■ **Exercise instructions**
The expected result is an exact restatement of the data, free of pictures.

■ **Source data**

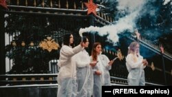 Четыре активистки вышли в белых костюмах биологической защиты с надписями No Nukes ("Нет ядерным боеприпасам") к зданию министерства в центре города у метро "Арбатская" и зажгли фейерверки.
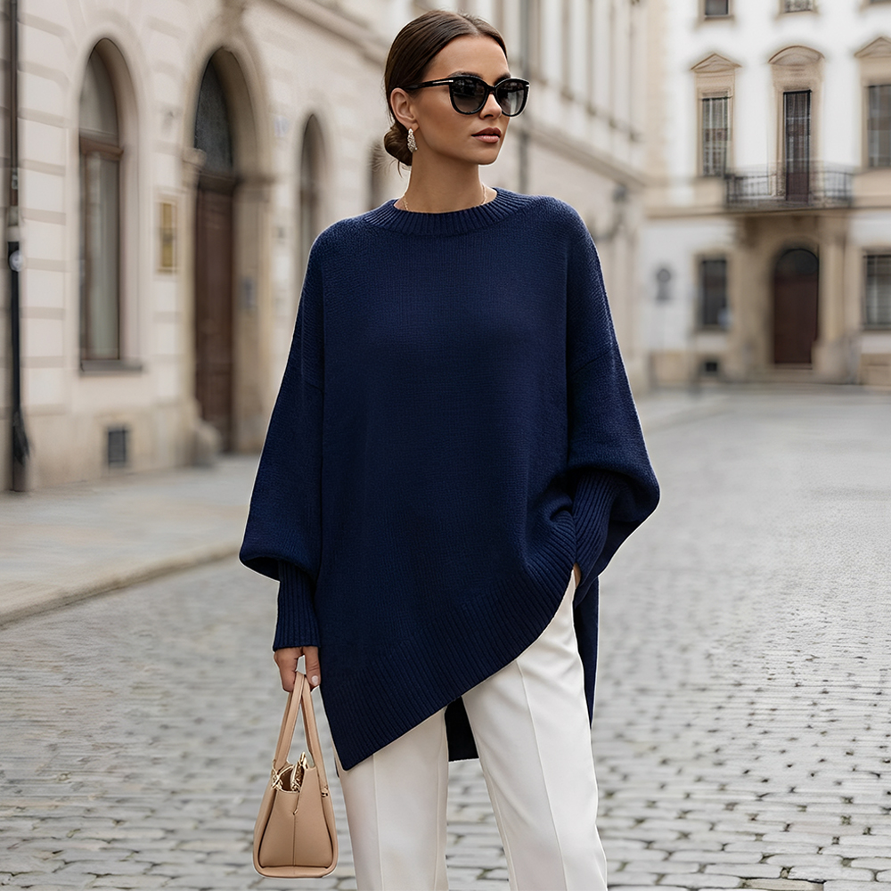 Coupe ample et fluide avec manches larges et ourlet allongé pour un style moderne.
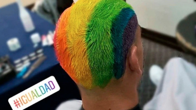 Guzmán se pintó el cabello de morado, azul, verde, amarillo, naranja y rojo y con la palabra "igualdad". En sus redes, explicó el significado de los colores de la tradicional bandera del orgullo.
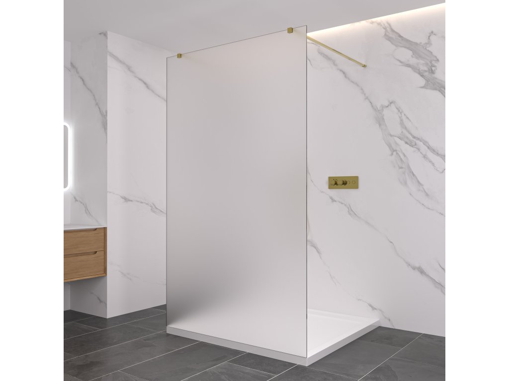 CERANO - Kabina prysznicowa typu walk-in Onyx Duo L/P - 8 mm - wspornik kwadratowy - szczotkowane złoto, szkło mrożone - 140x200 cm

■ **Reply**
 Четыре активистки вышли в белых костюмах биологической защиты с надписями No Nukes ("Нет ядерным боеприпасам") к зданию министерства в центре города у метро "Арбатская" и зажгли фейерверки.
 Coupe ample et fluide avec manches larges et ourlet allongé pour un style moderne.
 Guzmán se pintó el cabello de morado, azul, verde, amarillo, naranja y rojo y con la palabra "igualdad". En sus redes, explicó el significado de los colores de la tradicional bandera del orgullo.
 CERANO - Kabina prysznicowa typu walk-in Onyx Duo L/P - 8 mm - wspornik kwadratowy - szczotkowane złoto, szkło mrożone - 140x200 cm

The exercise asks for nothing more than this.